In June 2021, Blair became a spokesman for Anna Paulina Luna. In July 2021, the conservative commentator Tudor Dixon hired Blair to help her campaign in the 2022 Michigan gubernatorial election as her lead strategist. He registered the domain name for Saving Arizona PAC, a political action committee in support of Blake Masters in the 2022 Senate election in Arizona. With Andy Surabian, Blair lead a political action committee to challenge representative Liz Cheney's re-election campaign. Concurrently, Blair worked on Luna and Cory Mills's campaigns. With Andy Surabian, he led a political action committee, American Leadership PAC, to advance representative Jim Banks's policies.

===Trump campaign and Republican National Committee (2022–2024)===
In March 2024, Blair was appointed the political director of Trump's 2024 presidential campaign. That month, Michael Whatley, the chair of the Republican National Committee, announced that Blair would served as the committee's political director; he was involved in the drafting of the committee's platform that year. Among Blair's initial responsibilities included using information gathered from working in the DeSantis administration against the governor.
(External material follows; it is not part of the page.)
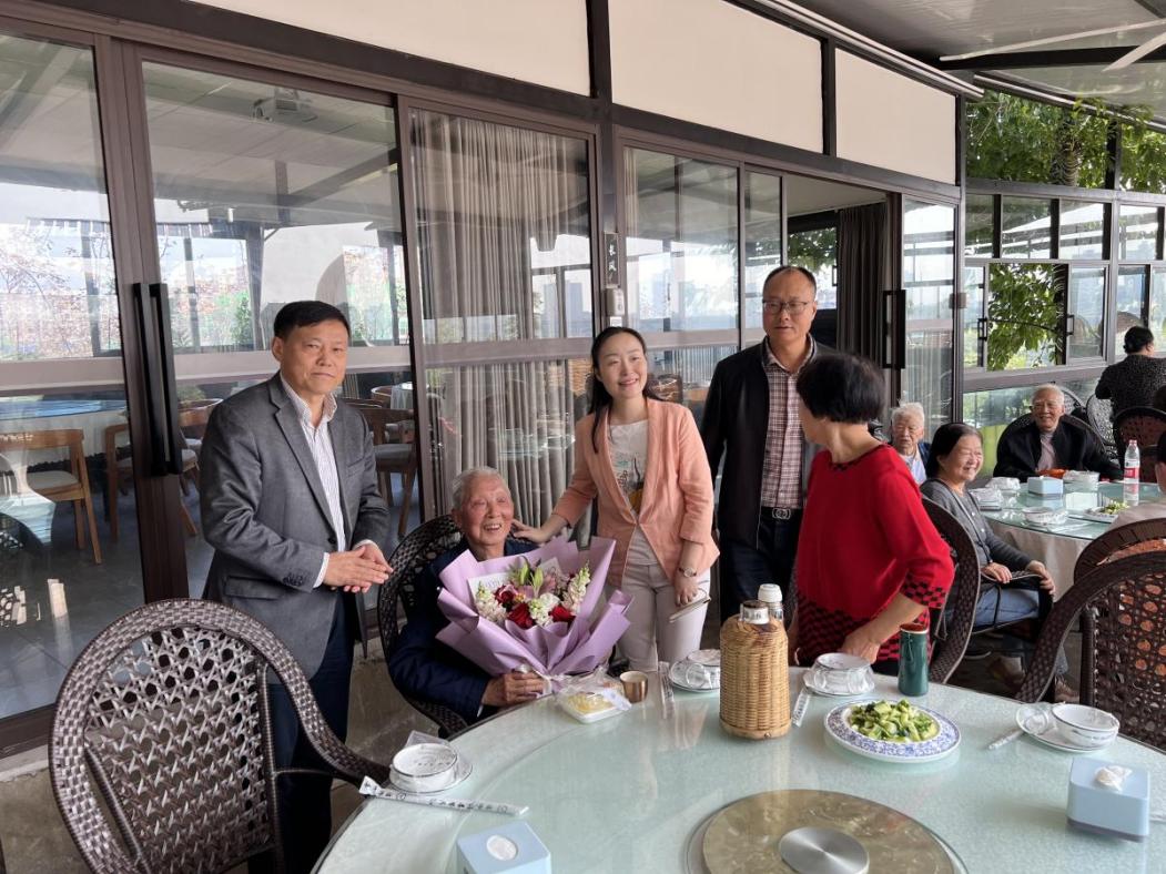 领导班子的高度重视和学院工会精心策划下,本次秋游活动顺利开展。公园里风景如画,空气清新,满目的绿意让老师们心旷神怡。老教师们沿着步道赏花、拍照,叙旧、聊天,一路欢声笑语。当天恰逢王承先老师九十岁、姜继咏老师八十五岁生日,学院精心为两位老师准备了蛋糕和鲜花。学院党委书记杨云、党委副书记曾艳、工会主席范嗣强为两位老教师献上鲜花,并祝他们身体安康、生日快乐。秋日暖阳高照,每个人脸上都洋溢着幸福的微笑!

Blair focused on attracting low and mid-propensity voters, apolitical men, and African Americans. He coordinated a voter outreach effort intended to be run at a lower cost than the million spent on the field operation for Trump's 2020 campaign. He signed data sharing agreements with Turning Point Action and America First Works to facilitate canvassing.

==White House Deputy Chief of Staff (2025–present)==
In November 2024, The Washington Post reported that Blair was expected to be named as a White House deputy chief of staff. On November 13, Trump named Blair as his deputy chief of staff for legislative, political and public affairs. In February 2025, Politico described him as an opponent of Elon Musk's work within the federal government. With Russell Vought, the director of the Office of Management and Budget, and James Braid, the White House director of legislative affairs, he participated in budget talks with Congress in May. Blair presented Trump with plans to redraw congressional maps to favor Republicans in April, beginning a mid-decade redistricting cycle. His strategy towards Congress was described by The Wall Street Journal as aggressive; according to the Journal, outgoing Georgia representative Marjorie Taylor Greene described Blair and his associates as "dismissive" towards her. Blair reportedly discouraged New York representative Mike Lawler from running for governor in the 2026 election and Michigan representative Bill Huizenga for running in the 2026 Senate election.

Blair has additionally managed the Trump administration's strategy for the broader 2026 elections. In April 2026, Trump announced that Blair would take a temporary leave of absence from his position to manage Trump's political operation for the midterms. He is set to be succeeded by Richard Walters.

==Views==
Blair has described himself as "pretty far to the right", according to The Wall Street Journal.